Mar

26

Keeping This Correction in Perspective

After 20 months of relative calm, this volatility needs to be taken in stride.

Are you upset by what is happening on Wall Street? It may help to see this pullback within a big-picture context. Corrections have become so rare as of late that when one occurs, emotion threatens to influence investment decisions.

So far, February has been a rough month for equities. At the close on February 8, the Dow Jones Industrial Average was officially in correction territory after a slide occurred, which included two 1,000-point descents within four days. Additionally, nearly every U.S. equity index had lost 7% or more in the past five trading sessions.1,2

This drop is troubling, yes – but not as unsettling as it may first seem. The market has been up for so long that it is easy to dismiss the reality of its occasional downs. Last year’s quiet trading climate could legitimately be characterized as “abnormal.”

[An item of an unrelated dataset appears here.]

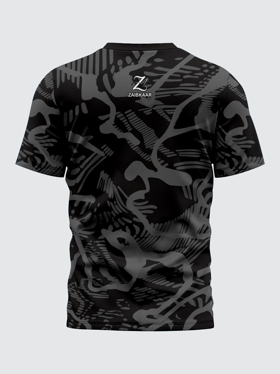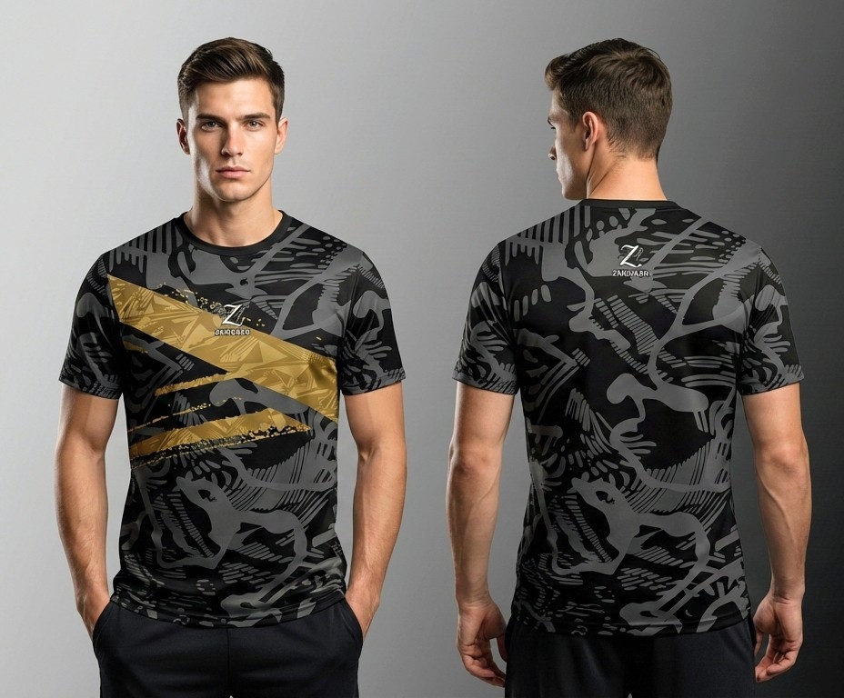 Make your mark with Zaibkaar Article 4. The “Golden Strike” design is a masterpiece of urban aesthetics, blending dark, multi-tonal textures with high-impact gold graphic elements. Whether you’re hitting the gym or the city streets, the premium breathable fabric and high-definition print ensure you look as sharp as you feel.

Prior to this current retreat, the S&P 500 had not fallen 5% from a peak since June 2016. It went more than 400 trading days without such a slump, setting a record. In this same calm stretch, the index also went through its longest period without a dip of 3% or more.3

During a typical year, there are five trading days when equities descend at least 2%, plus one correction of about 14%. On average, equities take roughly a 30% fall every five years.4

This year, the kind of volatility normally seen in the market has returned. It may feel like a shock after so much smooth sailing, but it is the norm – and while the Dow’s recent daily losses are numerically unprecedented, they are also proportionate with the level of the index.

A few things are worth remembering at this juncture. One, Wall Street has had more good years than bad ones, as any casual glance at its history will reveal. This year may turn out well. Two, something similar happened in the mid-1990s – a long, easygoing bull run was suddenly disrupted by major volatility. That bull market kept going, though – it lasted four more years, and the S&P 500 doubled along the way. Three, this market needed to cool off; in the minds of many analysts, valuations had become too expensive. Four, the economy is in excellent shape. Five, earnings are living up to expectations. Last week, Thomson Reuters noted that 78% of the S&P firms that had reported this earnings season had topped profit forecasts.1,3

Wall Street may be turbulent, but you can stay calm. You could even look at this as a buying opportunity. Assuming this is a correction and nothing more, the market may regain its footing more quickly than we think. Typically, the average correction lasts less than 90 days. Consider any moves carefully – and talk with a financial advisor if you have concerns or anxieties about this volatile episode for the markets.5

Citations.
1 – cnbc.com/2018/02/08/us-stock-futures-dow-data-earnings-fed-speeches-market-sell-off-and-politics-on-the-agenda.html [2/8/18]
2 – markets.wsj.com/us [2/8/18]
3 – money.cnn.com/2018/01/22/investing/stock-market-today-extreme-calm-pullback/index.html [1/22/18]
4 – marketwatch.com/story/panicked-about-a-stock-market-crash-what-you-need-to-remember-can-fit-on-a-single-notecard-2018-02-08 [2/8/18]
5 – cnbc.com/2018/02/07/the-quicker-the-sell-off-the-faster-we-recover-says-market-watcher.html [2/7/18]

This information should not be construed as investment, tax or legal advice and may not be relied on for the purpose of avoiding any Federal tax penalty. All information is believed to be from reliable sources; however we make no representation as to its completeness or accuracy. All economic and performance data is historical and not indicative of future results. Market indices discussed are unmanaged. Investors cannot invest in unmanaged indices. The publisher is not engaged in rendering legal, accounting or other professional services. If assistance is needed, the reader is advised to engage the services of a competent professional. This material was prepared by MarketingLibrary.Net Inc., for Mark Lund, Mark is known as a Wealth Advisor, The 401k Advisor, Investor Coach, The Financial Advisor, The Financial Planner and author of The Effective Investor. Mark offers investment advisory services through Stonecreek Wealth Advisors, Inc. a fiduciary, independent, fee-only, Registered Investment Advisor firm providing investment and retirement planning for individuals and 401k consulting for small businesses. Cities served include but not limited to are: Park City, Salt Lake City, Murray City, West Jordan City, Sandy City, Draper City, South Jordan City, Provo City, Orem City, Lehi City, Highland City, Alpine City, and American Fork City in Utah.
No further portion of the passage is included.